▶ About this task: Your answer must be the exact lines below, starting with the line with "Grafik Ichimoku Cloud" and going on through the line with "Patek Philippe Nautilus", both included, with no pictures.

▶ Extracted entries:
<<<<

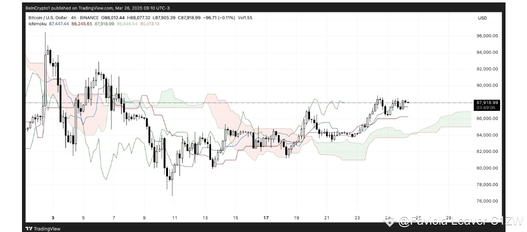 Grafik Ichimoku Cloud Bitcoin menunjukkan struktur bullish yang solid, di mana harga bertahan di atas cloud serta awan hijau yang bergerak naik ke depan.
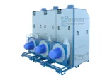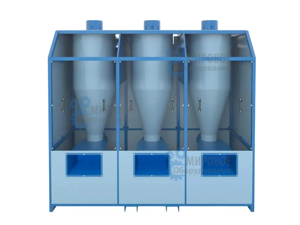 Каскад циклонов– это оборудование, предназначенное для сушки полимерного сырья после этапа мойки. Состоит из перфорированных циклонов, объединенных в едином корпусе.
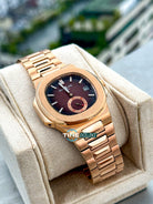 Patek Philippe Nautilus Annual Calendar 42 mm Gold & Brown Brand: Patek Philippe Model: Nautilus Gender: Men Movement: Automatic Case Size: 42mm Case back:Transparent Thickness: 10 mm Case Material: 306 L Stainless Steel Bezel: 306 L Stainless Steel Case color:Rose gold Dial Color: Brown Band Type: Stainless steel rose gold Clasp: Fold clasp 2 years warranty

>>>>
<<<<

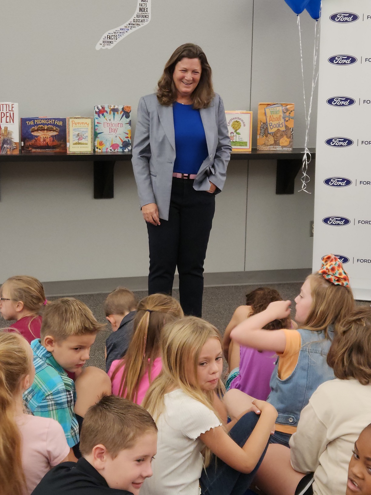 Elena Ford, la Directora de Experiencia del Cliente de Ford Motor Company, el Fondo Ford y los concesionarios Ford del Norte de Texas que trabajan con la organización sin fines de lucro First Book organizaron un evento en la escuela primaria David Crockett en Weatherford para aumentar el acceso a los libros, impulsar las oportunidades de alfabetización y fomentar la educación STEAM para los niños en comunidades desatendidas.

>>>>

▶ Solution to the problem:
 Grafik Ichimoku Cloud Bitcoin menunjukkan struktur bullish yang solid, di mana harga bertahan di atas cloud serta awan hijau yang bergerak naik ke depan.
 Каскад циклонов– это оборудование, предназначенное для сушки полимерного сырья после этапа мойки. Состоит из перфорированных циклонов, объединенных в едином корпусе.
 Patek Philippe Nautilus Annual Calendar 42 mm Gold & Brown Brand: Patek Philippe Model: Nautilus Gender: Men Movement: Automatic Case Size: 42mm Case back:Transparent Thickness: 10 mm Case Material: 306 L Stainless Steel Bezel: 306 L Stainless Steel Case color:Rose gold Dial Color: Brown Band Type: Stainless steel rose gold Clasp: Fold clasp 2 years warranty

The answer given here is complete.